Returns headers and an iterator where each row is returned as a list.

When a list of urls is supplied (in url), then the has_hxl flag indicates if the files are HXLated so that the HXL row is only included from the first file. The headers argument is either a row number or list of row numbers (in case of multi-line headers) to be considered as headers (rows start counting at 1), or the actual headers defined as a list of strings. It defaults to 1 and cannot be None.

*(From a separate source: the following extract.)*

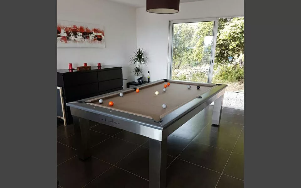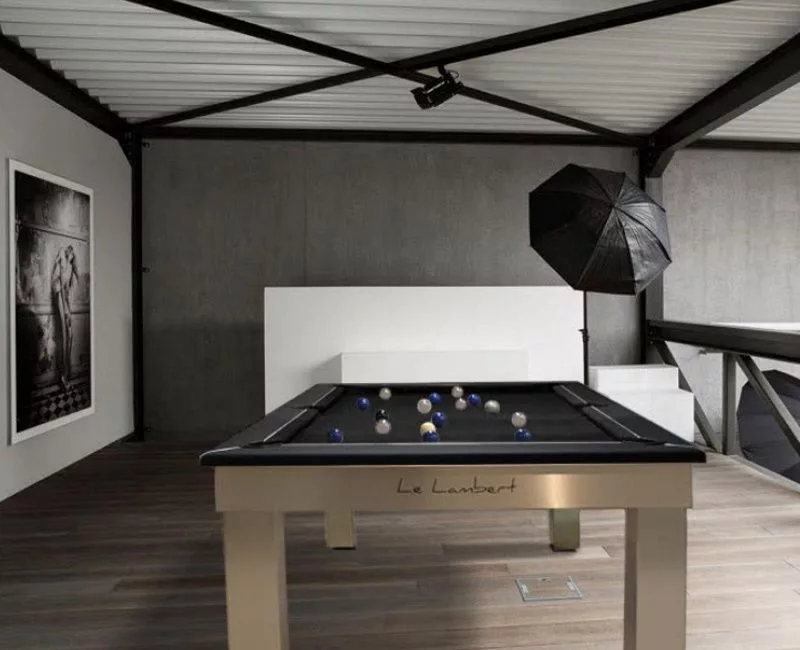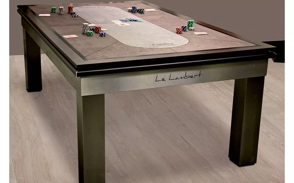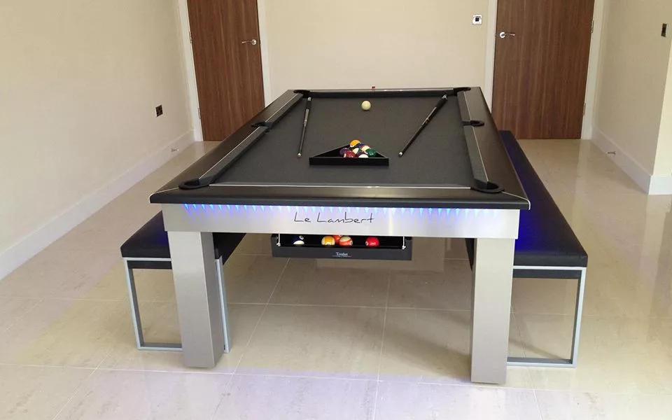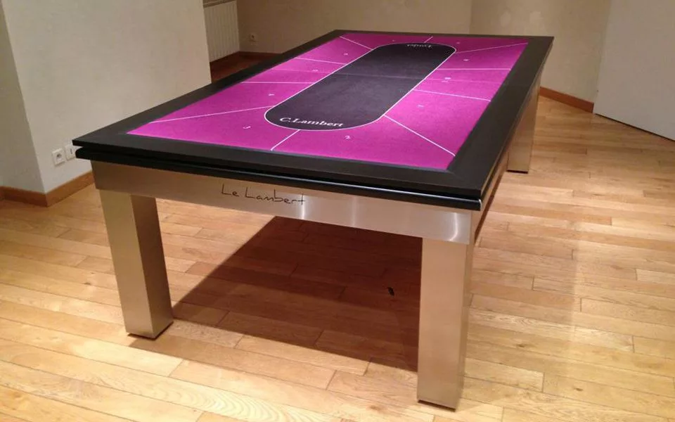 Biliardový stôl Le Lambert je biliardový stôl, ktorý je možné ľahko zmeniť na jedálenský stôl a kryciu dosku je tiež možné zmeniť na pokrový stôl a objednať vo farbe podľa vlastného výberu.

Optionally, headers can be inserted at specific positions. This is achieved using the header_insertions argument. If supplied, it is a list of tuples of the form (position, header) to be inserted. A function is called for each row. If supplied, it takes as arguments: headers (prior to any insertions) and row (which will be in dict or list form depending upon the dict_rows argument) and outputs a modified row or None to ignore the row.

Arguments:

  • url Union[str, ListTuple[str]] - A single or list of URLs or paths to read from
  • has_hxl bool - Whether files have HXL hashtags. Ignored for single url. Defaults to False.
  • headers Union[int, ListTuple[int], ListTuple[str]] - Number of row(s) containing headers or list of headers. Defaults to 1.
  • include_headers bool - Whether to include headers in iterator. Defaults to True.
  • ignore_blank_rows bool - Whether to ignore blank rows. Defaults to True.
  • infer_types bool - Whether to infer types. Defaults to False (strings).
  • header_insertions Optional[ListTuple[Tuple[int,str]]] - List of (position, header) to insert. Defaults to None.
  • row_function Optional[Callable[[List[str],ListDict],ListDict]] - Function to call for each row. Defaults to None. **kwargs:
  • format Optional[str] - Type of file. Defaults to inferring.
  • file_type Optional[str] - Type of file. Defaults to inferring.
  • encoding Optional[str] - Type of encoding. Defaults to inferring.
  • compression Optional[str] - Type of compression. Defaults to inferring.
  • delimiter Optional[str] - Delimiter for values in csv rows. Defaults to inferring.
  • skip_initial_space bool - Ignore whitespace straight after delimiter. Defaults to False.
  • sheet Optional[Union[int, str] - Sheet in Excel. Defaults to inferring.
  • fill_merged_cells bool - Whether to fill merged cells. Defaults to True.
  • http_session Session - Session object to use. Defaults to downloader session.
  • columns Union[ListTuple[int], ListTuple[str], None] - Columns to pick. Defaults to all.
  • default_type Optional[str] - Default field type if infer_types False. Defaults to string.
  • float_numbers bool - Use float not Decimal if infer_types True. Defaults to True.
  • null_values List[Any] - Values that will return None. Defaults to [""].
  • dialect Dialect - This can be set to override the above. See Frictionless docs.
  • detector Detector - This can be set to override the above. See Frictionless docs.
  • layout Layout - This can be set to override the above. See Frictionless docs.
  • schema Schema - This can be set to override the above. See Frictionless docs.

Returns:

  • Tuple[List[str],Iterator[List]] - Tuple (headers, iterator where each row is a list)

get_tabular_rows_as_dict

def get_tabular_rows_as_dict(
        url: Union[str, ListTuple[str]],
        has_hxl: bool = False,
        headers: Union[int, ListTuple[int], ListTuple[str]] = 1,
        ignore_blank_rows: bool = True,
        infer_types: bool = False,
        header_insertions: Optional[ListTuple[Tuple[int, str]]] = None,
        row_function: Optional[Callable[[List[str], ListDict],
                                        ListDict]] = None,
        **kwargs: Any) -> Tuple[List[str], Iterator[Dict]]

[view_source]

Returns headers and an iterator where each row is returned as a dictionary.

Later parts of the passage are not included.